_Given data_
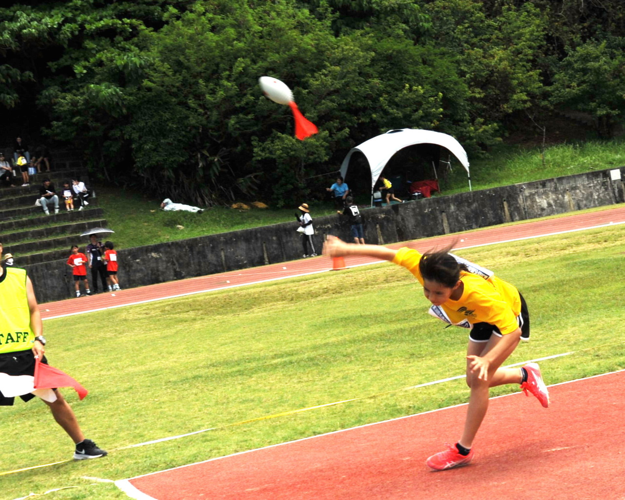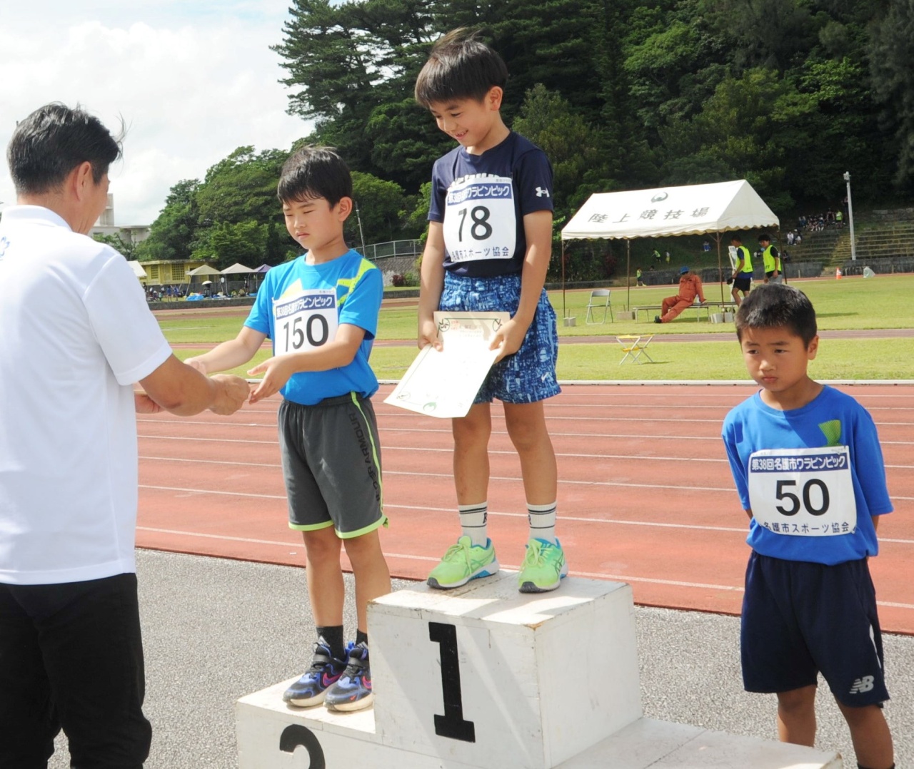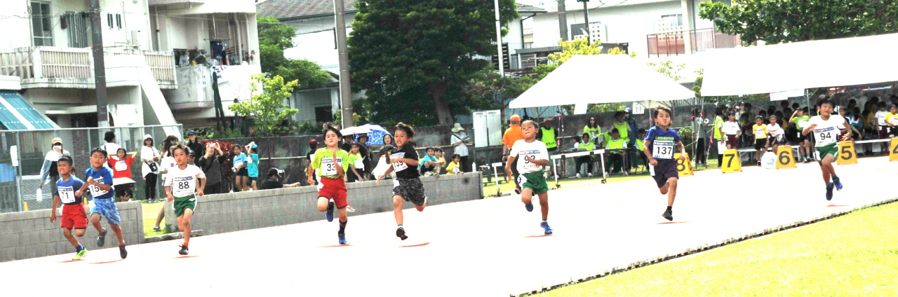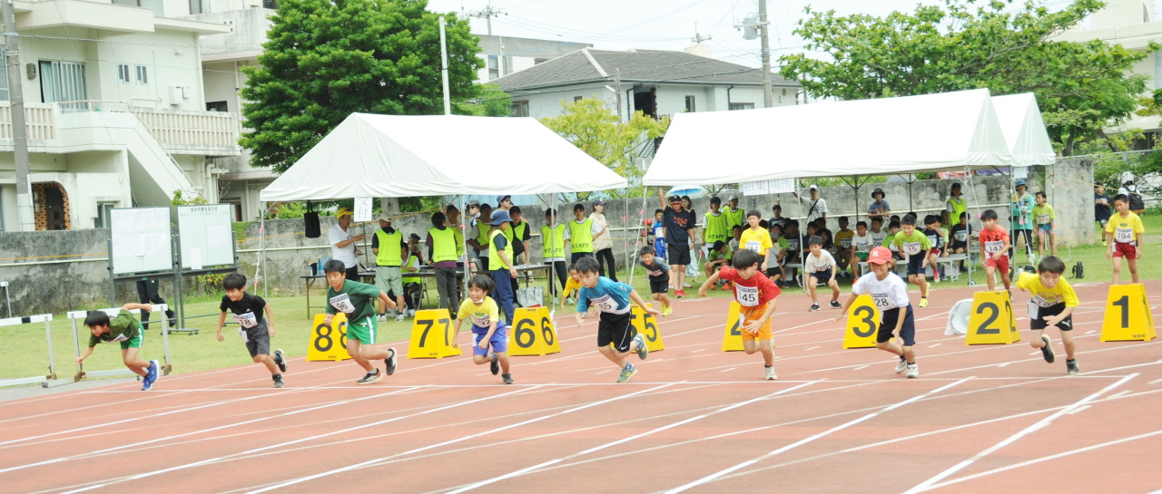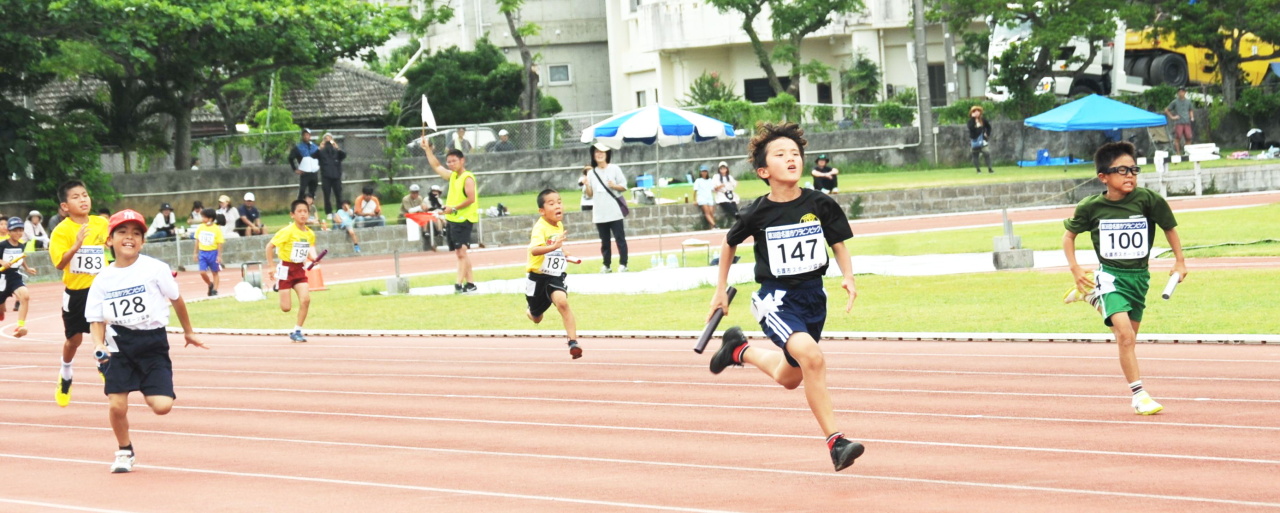 6月7日(土)名護市陸上競技場にて、第38回名護市ワラビンピックを開催いたしました。雨予報だったこともあり開催すら危惧されていた今大会でしたが、当日は子どもたちのパワーが伝わったのか雨雲を寄せ付けず、プログラム変更等もなく無事予定通りに大会が開催されました。
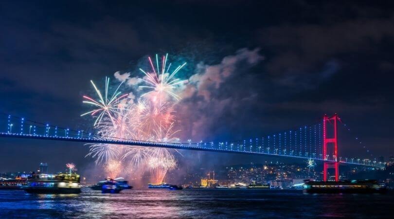The Istanbul Bosphorus view is breathtaking, and it's one of the best places you can go on new year's night.
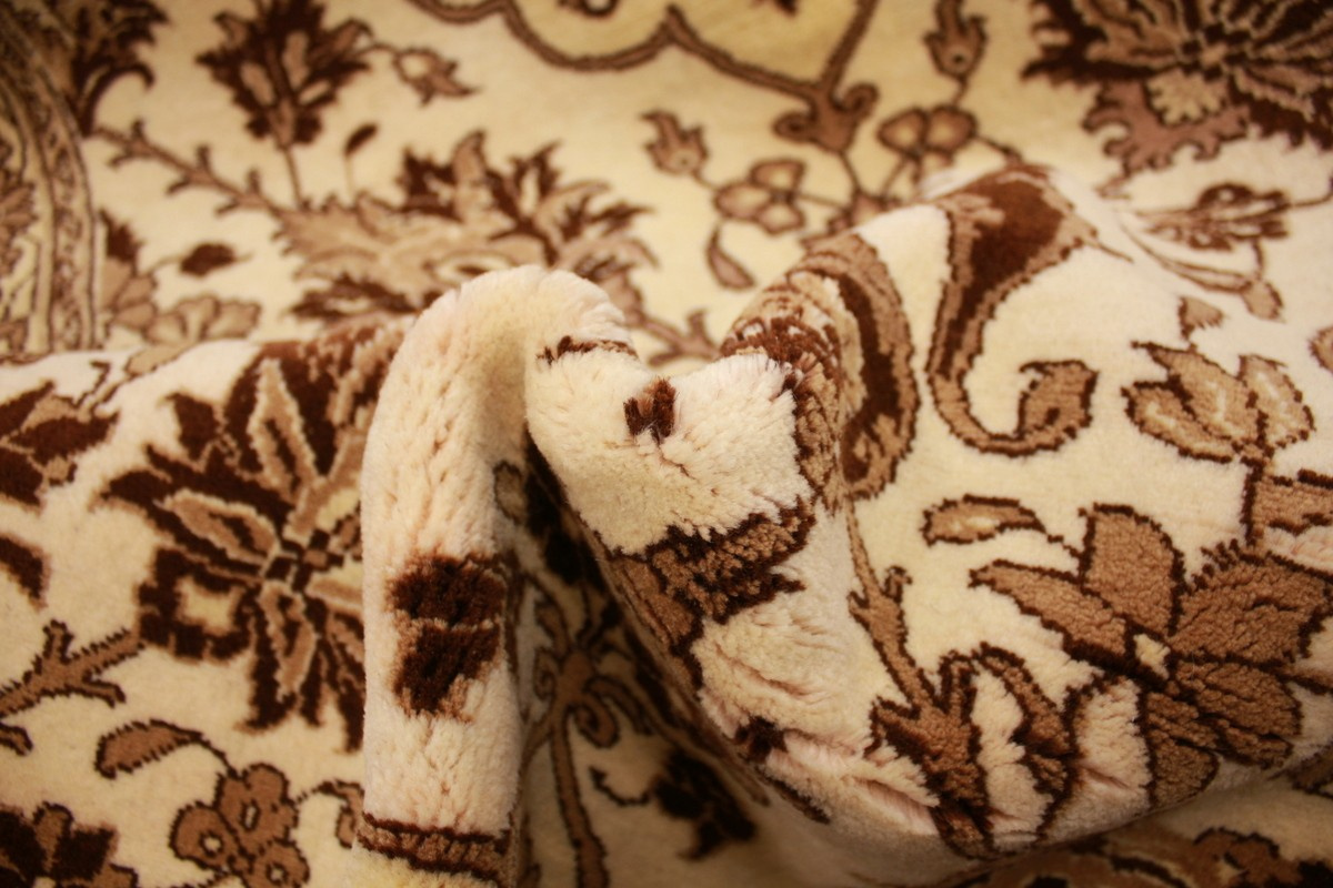 Waraminteppiche sind einer der qualitativ feinsten Teppiche überhaupt. Diese haben etwa 500.000 Knoten per Quadratmeter und haben ihr eigenes spezielles Design mit sehr vielen Vögelabbildungen und Paradiesmuster.
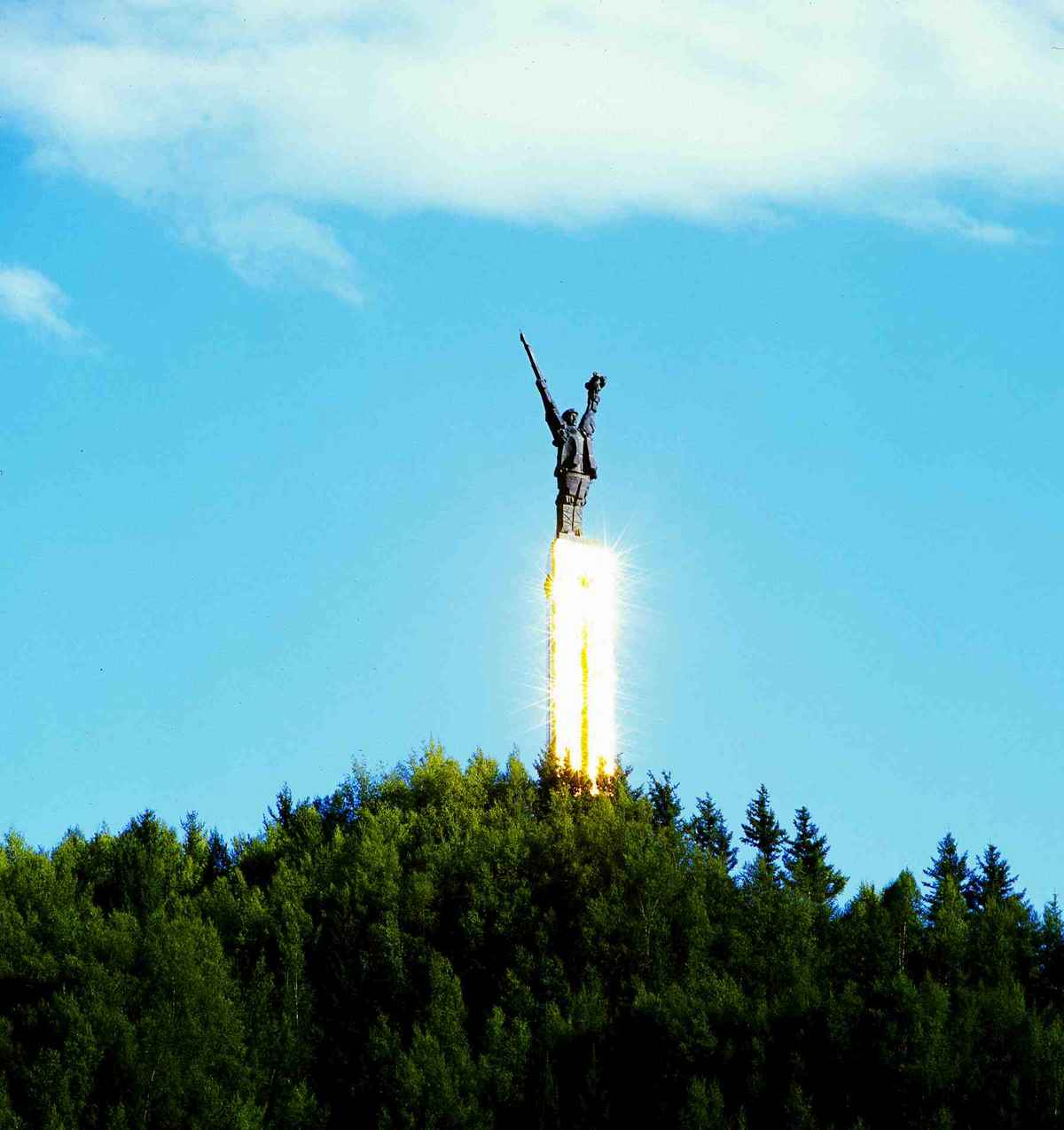 纪念碑前的一段文字显示,这座纪念碑高41.3米、重10吨,基座为2.5米高的汉白玉,碑身为亚金铜贴面的三角立柱体,碑顶一位红军战士双手高举,一手持花,一手持枪,寓意红军长征的胜利。
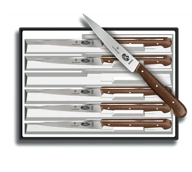 Upgrade Your Culinary Instrument with the Victorinox Swiss Army, 5.2000.12-X4, Knife, Steak. This high-quality knife is a must-have for any commercial restaurant. With its spear tip blades and rosewood handles, it offers precision and durability, ensuring that every cut is perfect. Whether you're slicing through tender steaks or dicing vegetables, this knife will exceed your expectations. Its sleek design and ergonomic handle make it comfortable to use for extended periods, reducing fatigue in a fast-paced kitchen environment. The 4-1/2" blade is the ideal size for handling various ingredients, making it versatile for any culinary task. Upgrade your kitchen arsenal with the Victorinox Swiss Army Knife and experience the difference it makes in your restaurant's efficiency and culinary creations.
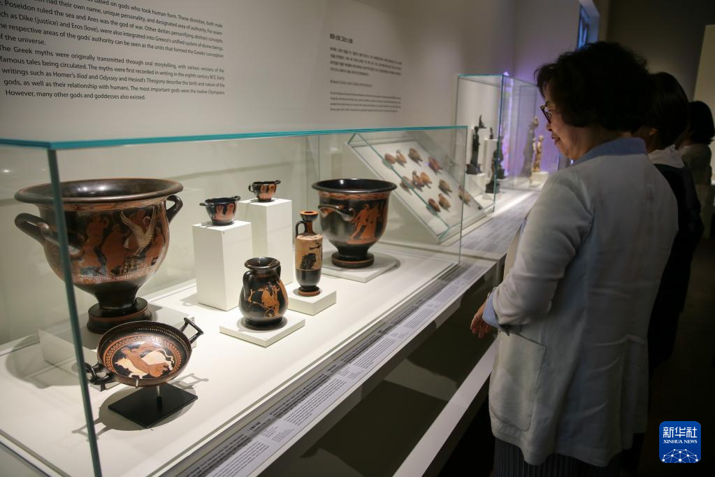 6月14日,人们在韩国首尔国立中央博物馆参观古希腊和古罗马文物展品。

_Exercise goal_
This task calls for the lines from the line holding "Upgrade Your Culinary" through the last line above, restated word for word with both ends included and the pictures dropped.

_Exercise response_
 Upgrade Your Culinary Instrument with the Victorinox Swiss Army, 5.2000.12-X4, Knife, Steak. This high-quality knife is a must-have for any commercial restaurant. With its spear tip blades and rosewood handles, it offers precision and durability, ensuring that every cut is perfect. Whether you're slicing through tender steaks or dicing vegetables, this knife will exceed your expectations. Its sleek design and ergonomic handle make it comfortable to use for extended periods, reducing fatigue in a fast-paced kitchen environment. The 4-1/2" blade is the ideal size for handling various ingredients, making it versatile for any culinary task. Upgrade your kitchen arsenal with the Victorinox Swiss Army Knife and experience the difference it makes in your restaurant's efficiency and culinary creations.
 6月14日,人们在韩国首尔国立中央博物馆参观古希腊和古罗马文物展品。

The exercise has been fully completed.